The holotype specimen of Galahadosuchus, NHMUK PV R 10002, was recovered by Ron Croucher in 1969 from site 1 of the fissure deposits at Cromhall Quarry in Gloucestershire, southwest England. The specimen is preserved across two slabs and consists of a partially articulated postcranial skeleton including parts of the tail and hindlimbs, a nearly complete right forelimb, several isolated elements such as osteoderms, ribs and non-caudal vertebrae as well as the remains of a rhynchocephalian reptile. The Cromhall Quarry, also known as Slickstones Quarry, is one of several Late Triassic to Early Jurassic fissure fill deposits in the Bristol Channel area that have previously yielded crocodylomorph remains including those of the saltoposuchid Terrestrisuchus (from the Pant-y-Ffynnon Quarry). Many of these remains have at times either been compared to Terrestrisuchus or assigned to the genus wholesale, though later revisions showed them to frequently be too fragmentary for such specific referrals. In one such case, then not mentioned by their inventory number, the specimen NHMUK PV R 10002 and some other disarticulated remains from other sites (numbered 1-5 and 7) in the Cromhall Quarry were referred to Terrestrisuchus by Fraser and colleagues in 2002, who regarded them to represent two different morphs of the genus, both of which were deemed different from the type material from Pant-y-Ffynnon.

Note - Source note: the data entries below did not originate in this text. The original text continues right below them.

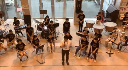 また、ブラスバンドによるオープニングセレモニーとして、ファンファーレと校歌の演奏を行いました。
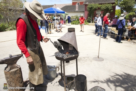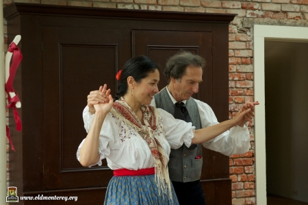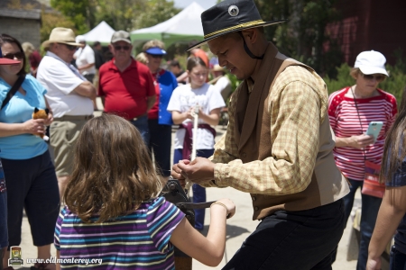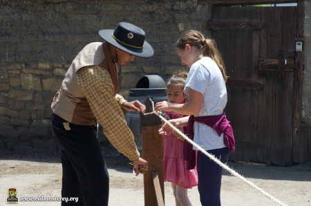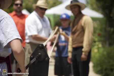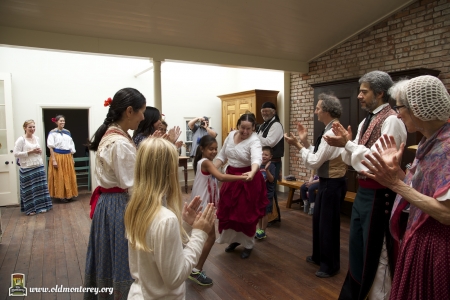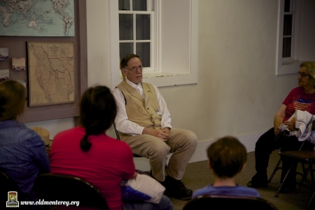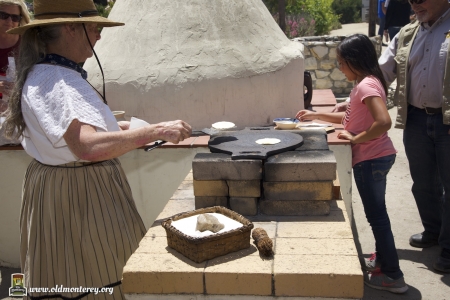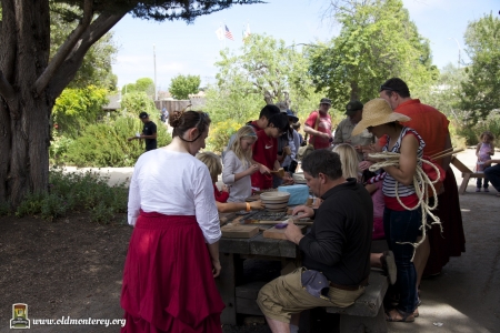 Immediately after the July 4th Parade, Monterey State Historic Park volunteers dressed in historic costumes took visitors back in time with interactive exhibits to educate kids about what life was like in the Monterey area in the 19th century. You could learn the fandango, make rope, and play games of the era among other things. There was also Captain Cooper's restored coach and wagons on display. Photos by Sheldon Chang.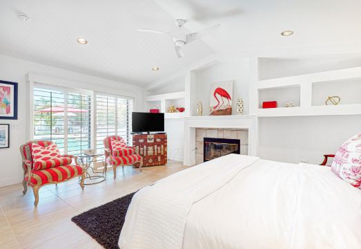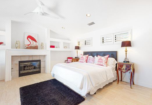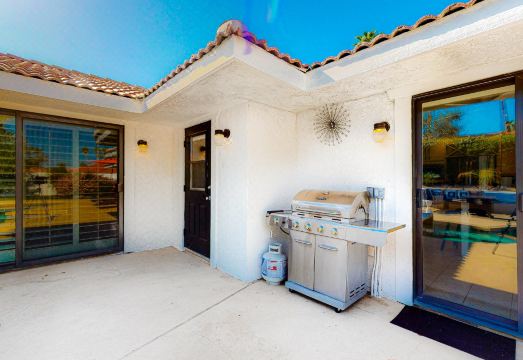 Professionally decorated with bold textiles, vibrant colors and patterns, and modern works of art throughout, this four-bedroom home brings both style and comfort to one of the desert's finest locations. The expansive backyard is the heart of this property, featuring a saltwater pool, a spillover spa, two outdoor eating areas with ample seating, a gas grill, and a firepit to use in the evenings. Every detail has been thought of, from the outdoor TV to the umbrellas that shade portions of the pool. Inside, you can gather after a day of activity to watch TV by the fireplace in the great room. As for the bedrooms, you'll have your choice of four king rooms, each with a TV and a DVD player; two of the bedrooms are master suites at either end of the house.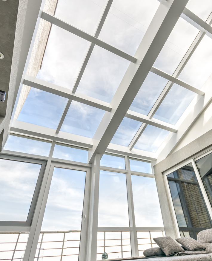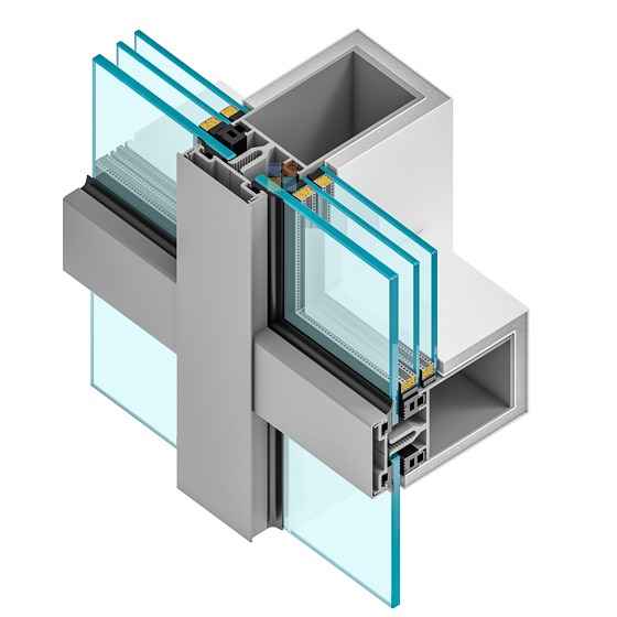 Интеграция двухкамерного 50-мм стеклопакета с аргоном и энергосбережением. Дополнительная герметизация швов и щелей атмосферостойким герметиком для структурного остекления. Утепление и декор бесшовными коробами EWIC®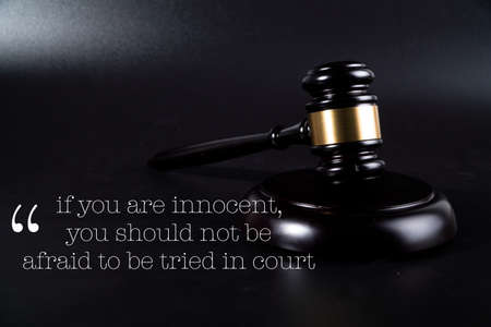 A gavel on a black background with the text if you are innocent, you should not be afraid to be tried in court.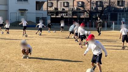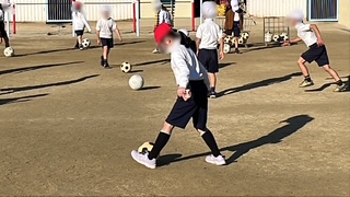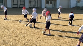 体育のボール運動あそびの様子です。サッカーのようにドリブルしたり、ボールを動かさないように両足で交互にボールに触ったり上手く体を動かす練習をしました。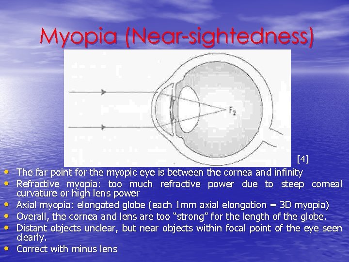 Myopia (Near-sightedness) [4] • The far point for the myopic eye is between the cornea and infinity • Refractive myopia: too much refractive power due to steep corneal • • curvature or high lens power Axial myopia: elongated globe (each 1 mm axial elongation = 3 D myopia) Overall, the cornea and lens are too “strong” for the length of the globe. Distant objects unclear, but near objects within focal point of the eye seen clearly. Correct with minus lens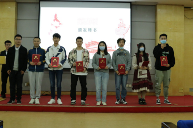 团学组织换届大会在庄严的团歌中拉开序幕。首先,播放暖场视频短片回顾了上届部门负责人在任时参加和举办的各种活动和温馨时刻。随后,由团委负责人徐盛富老师宣读了球速体育第十届团学组织负责人及部门负责人聘任名单与第十一届团学组织负责人及部门负责人拟任名单,并勉励新一届团学干部们恪守《员工会、研究生会干部自律公约》,不忘初心,践行团学组织宗旨,珍惜代表服务同学和锻炼提高能力的机会,为公司事业发展努力奋斗!随后,徐老师为上届团学组织负责人颁发了聘书。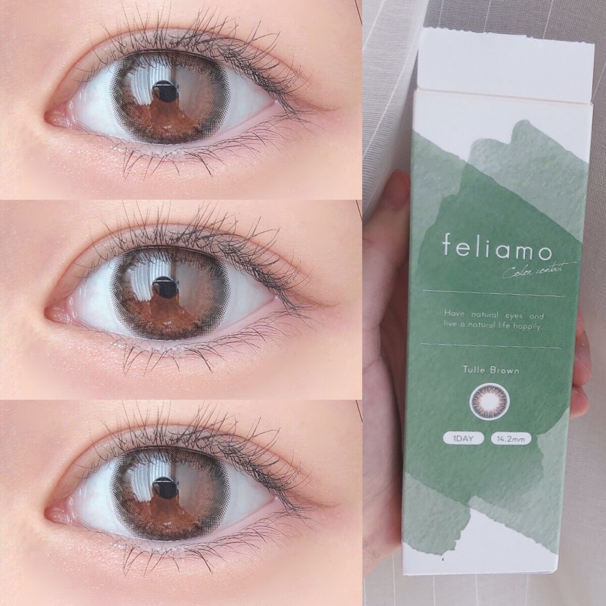 - ※2025年6月以降、商品パッケージ裏面・側面の一部表記を順次変更いたします。尚、これにかかる商品の交換・返品は承っておりません。 どんな瞬間にも溶け込む誰からも愛される瞳へ feliamoの由来は felice amore~幸せな愛~ 瞳から愛されオーラを放つ好印象レンズで女性らしさと品を演出。 オンも、オフも、特別な日も。 どんな場面にも溶け込むレンズラインナップで誰からも愛される瞳に。 UV CUT Feature1 肌や瞳に有害といわれ、白内障などの眼病を引き起こす危険性のある紫外線を99%カットします。(UV-A波75%、UV-B波99%カット) イオン性 Feature1 水分を多く含み酸素を通しやすいため瞳にやさしい使い心地で、快適な装用感です。 高含水 Feature1 水分が多く含むやわらかい素材で、快適なつけ心地です。 レンズ構造 Feature1 まぶた側に着色剤を内包しているため、角膜に色素が触れることがない構造を採用しています。 レンズ形状 Feature1 フチを丸みのある形状にすることで自然な装用感を実現しました。 ※装用感には個人差があります。 カラーコンタクトレンズの不適正使用による眼障害の危険性等などがあります。 ●コンタクトレンズは高度管理医療機器です。不十分な洗浄・消毒など不適切なケアや、長時間・交換期間を超えた装用により、アレルギー性結膜炎、角膜感染症、角膜潰瘍等の重篤な眼障害が発生する危険性があります ●ご使用前に取扱説明書を確認してください 使用上の留意事項 ●眼科医院等を受診してからお求めください ●眼に異常を感じたら直ちにレンズ使用を中止し、お近くの眼科等で診察を受けてください ●医師の指示にしたがってご使用ください ●コンタクトレンズを装用する場合、自覚症状がなくても、眼科医院等での定期検査を受けてください ●レンズに不具合がある場合は使用しないでください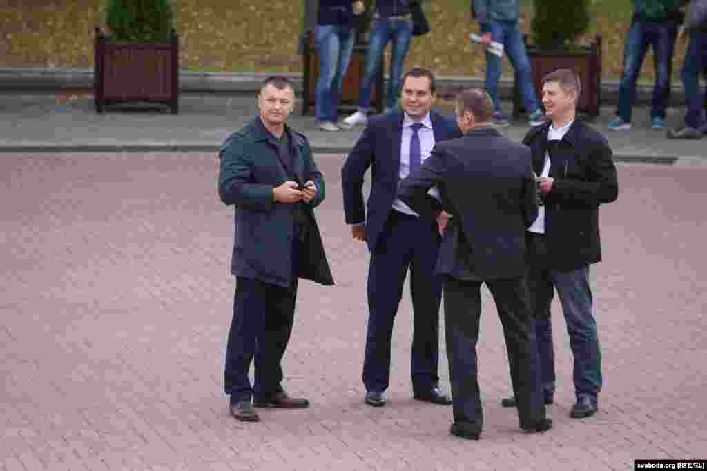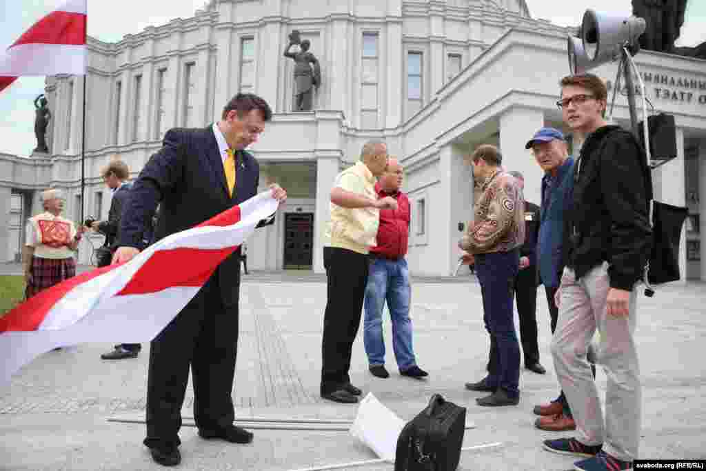 Аляксандар Таўстыка размаўляе з аховай, якая спрабуе прагнаць акцыю з прыступак тэатру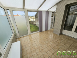 - Au rez-de-chaussée: entrée, garage avec un accès sur le jardin, buanderie et cave. - A l'étage: palier, séjour, cuisine aménagée, véranda, 2 chambres, salle d'eau et WC. - Au 2ème étage: palier desservant 2 chambres. Jardin.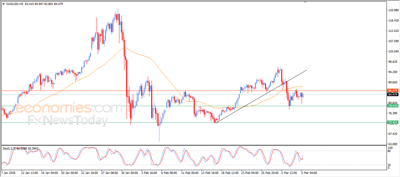 Prețul (argintului) se află în tranzacționare fluctuantă la ultimele niveluri intraday, afectat de apariția semnalelor pozitive din partea indicatorilor de forță relativă, cu continuarea presiunii negative datorate tranzacționării sub EMA50, ceea ce reprezintă o rezistență dinamică ce a redus șansele unei redresări complete pe termen scurt, fiind afectat de ruperea liniei de trend corectiv bullish pe termen scurt.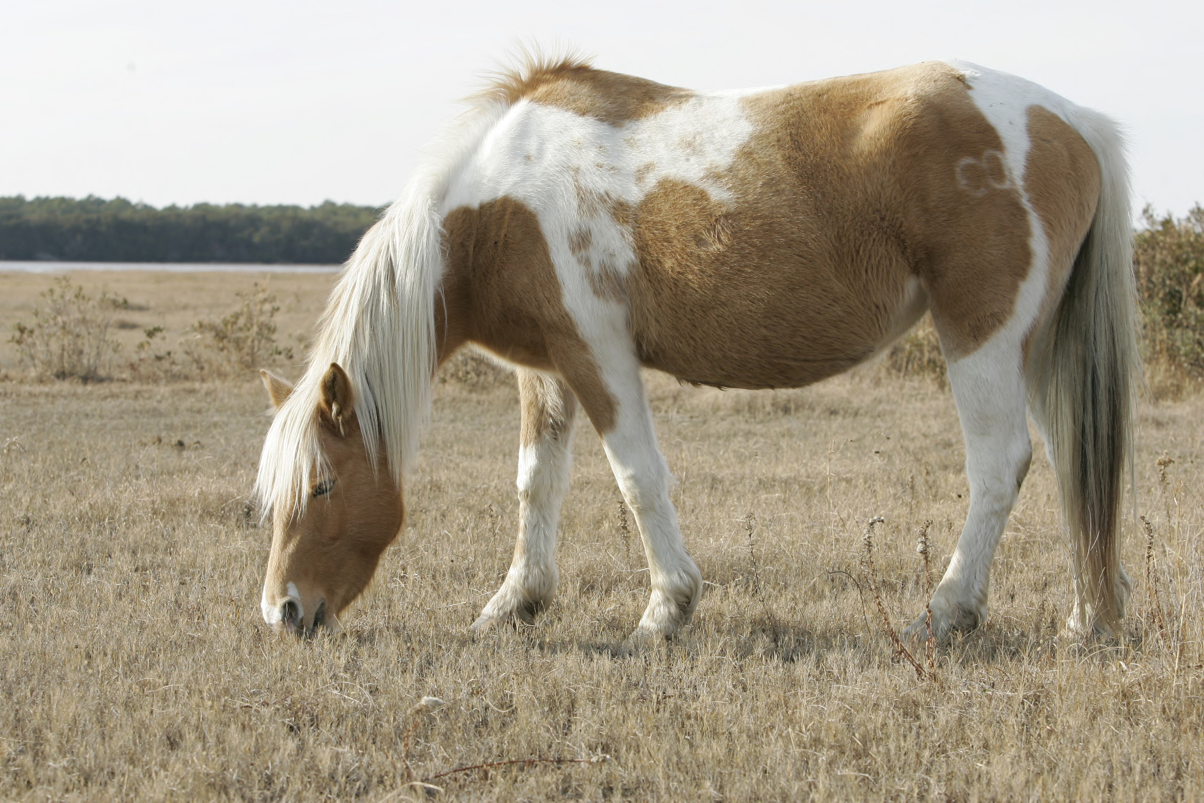 The Chincoteague Pony became its own official registered breed in 1994. The average height of a Chincoteague Pony is between 12 and 13 hands (any horse that stands less than 14 hands is considered a Pony). Chincoteague Ponies are stocky, with short legs, thick manes, and large, round bellies. Though they are named after Chincoteague (the closest populated town) they actually live on Assateague Island, which is an undeveloped National Wildlife Refuge.

While Fraser and colleagues did not describe the material nor provide a concrete reasoning for their assignments and distinctions, a brief description of the material was published by R. C. Allen in a PhD thesis in 2010 partially agreeing with their assertion. In this thesis Allen argued that while NHMUK PV R 10002 was referrable to Terrestrisuchus gracilis, the remains from the other Cromhall Quarry sites held at the Virginia Museum of Natural History were not. In 2023 and 2024, Spiekman and colleagues held that contrary to the works of Fraser et al. (2002) and Allen (2010), NHMUK PV R 10002 was not assignable to Terrestrisuchus, though the team deamed a full redescription to be beyond the scope of their work.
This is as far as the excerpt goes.